Just FYI, the high mileage 5w-30 by mobile1 does not have the dexos label.


----------



## aaron.terveen (Mar 30, 2017)

Farmer said:


> Just FYI, the high mileage 5w-30 by mobile1 does not have the dexos label.


Wonder why?
Just the Extended Performance one![emoji22] 










Sent from my SAMSUNG-SM-G870A using Tapatalk


----------



## Merc6 (Jun 8, 2013)

No real need for the high mileage oil in newer cars. By the time you would need it in the 1.4T, you'll be looking at a rebuild or lower miles engine swap in.


----------



## NickD (Dec 10, 2011)

Regardless of what these marketing guys say, if you want to maintain your PT warranty, have to follow the owners manual service recommendations and keep records. 

Owners manual is very liberal in this respect, 0% oil remaining plus 600 miles, for me, 20% oil remaining was enough. already had way over 8,000 miles on it. Even if you leave your Cruze parked, still had to change it least once per year. 

With the 1.4L engine have to use dexos approived oil, if you go to this site, that list is very long.

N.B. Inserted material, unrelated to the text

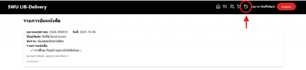 – สถานะ รอดำเนินการ หมายถึง รอเจ้าหน้าที่รับคำขอยืมหนังสือ

dexos1™ (First Generation) Brands | GM dexos® Licensing Program

If you are an oil company have to pay GM a licensing fee to put that dexos label on the can. Actually GM doesn't have anything to do with this, SAE does, they test the oils to specifications, SAE grade SN oils have to meet their specifications.

Which oil is the best? They all claim to be the best, in reality, they are all the same. After five years, it doesn't make any difference even if you only put 2 miles on your Cruze, that PT warranty ends. Can do anything you want to, but if you don't want your turbo to toast, better stick with SAE grade SN.


----------



## Al3e925 (Jul 27, 2016)

Just go to O'Reilly and get a qix cartridge filter, and some synthetic 5wd30, i change mine every 5k no issues

Sent from my SM-G530P using Tapatalk


----------



## pontiacgt (Jan 12, 2011)

Keeping records is good only if you are having someone do the oil changes. If you are doing it yourself you have no proof that the oil was for your car or another car you have. Again Dealer Technicians and GM are not stupid and neither are other manufactures. They can tell if a car is maintained. If the car is on the outside looks bad, the interior is dirty, the engine bay is dirty, these are clear signs that the owner does not maintain the car well. I'm sure when ever they see a car like this it throws up a red flag. Now most manufactures are going to cover the engine and other parts up to the warranty no matter what unless they see obvious damage or neglect. This is why i don't trust carfax, unless the car was serviced at a service place that reports there you will never know the true history of used car.


----------